WB Auto: 4550k WB Sunlight: 5000k
Sunny Day-1 Sunny Day-2
WB Cloudy: 5650k WB Shade: 7200k
Sunny Day-3 Sunny Day-4

For this light condition my personal favorite is sunlight. With WB set to sunlight the details in the shadow are more clearly visible.

Cloudy

Now when I am waiting for a cloudy day, it refuses to get cloudy. Hence, I have decided to select a photo, that I had clicked some time back on a cloudy day. I have changed the temperature levels in Lightroom 3.

WB Auto: 4200k WB Sunlight: 5200k
Cloudy-Auto Cloudy-sunlight
WB Cloudy: 6000k WB Shade: 8000k
Cloudy-cloudy Cloudy-shade

I remember the scene vividly. In spite of being cloudy the sunlight was quite prominent due to the sun being positioned quite close to the horizon (and that side it was not cloudy). We get to see such cloudy days, followed by heavy rains and powerful thunder and lightening quite often.

Coming back to the exercise. I don’t like the way “Auto” WB has cooled down the temperatures. It is also giving a blue tint, which is not the correct representation of the scene.  “Sunlight” WB is giving an ok results. The most realistic results are with the “Cloudy” WB. I do not like the option “Shade” WB here as it has produced yellow colour cast.

Open shade on a sunny day:

For this, I placed my model near the sliding door and opened the door fully.
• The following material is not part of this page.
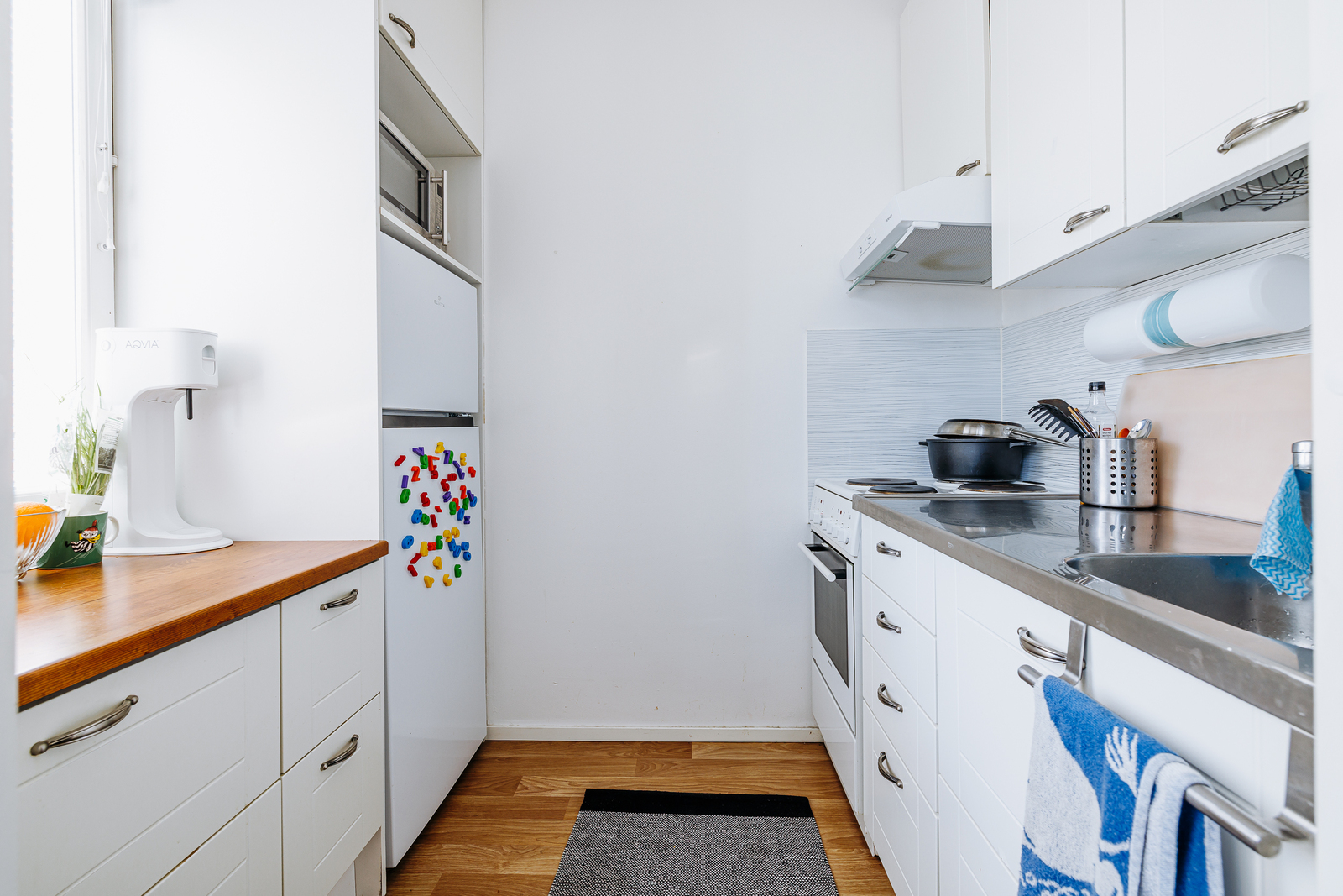 | Keittiön kuvaus | Liesi (sähköliesi), työtasot (laminaatti), seinät (maali), lattiat (muovimatto), liesi, liesituuletin, jenkkikaappi ja kiinteät valaisimet |

It was a perfect sunny day. However, there was no direct sunlight hitting the model or surrounding areas.

WB Auto: 4850k WB Sunlight: 5000k
Open shade on a sunny day-1 Open shade on a sunny day-2
WB Cloudy: 5650k WB Shade: 7200k
Open shade on a sunny day-3 Open shade on a sunny day-4

Though these images were shot in the shade, the option “shade” is not offering a natural colour tone. The tint of yellow is bit strong. I am undecided between the option “sunlight” and “cloudy”. I would select option “sunlight” and fine-tune the values with multi selector.

Mixed Lighting

WB Sunlight: 5000k WB Incandescent: 2950k WB Auto: 3400k
ML-Sunlight-3 ML-Incad-2 ML-Auto-1

In this light condition, I feel the Incandescent WB has given ok results. It has brought down the yellow colour-cast significantly and has neutralized the tones reasonably. Notice the color of the sky. However, I would like to fine-tune the values of “incandescent” and reduced the yellow colour-cast further.

Conclusion:

The AWB has a limited range; it doesn’t handle flash well and has limited accuracy.  Prior to this exercise, I have always adjusted the WB according to the scene requirement. I feel comfortable, if I fine-tune the adjustment in the camera, so there is very little left to do in Lightroom.

While shooting objects or materials containing white color, it is important to get the correct white balance. To active this, it makes sense to have the pre-set values saved. As a result, on site WB selection becomes comparatively easy.

I have not checked the results with flash. It will be interesting to know how WB works with it.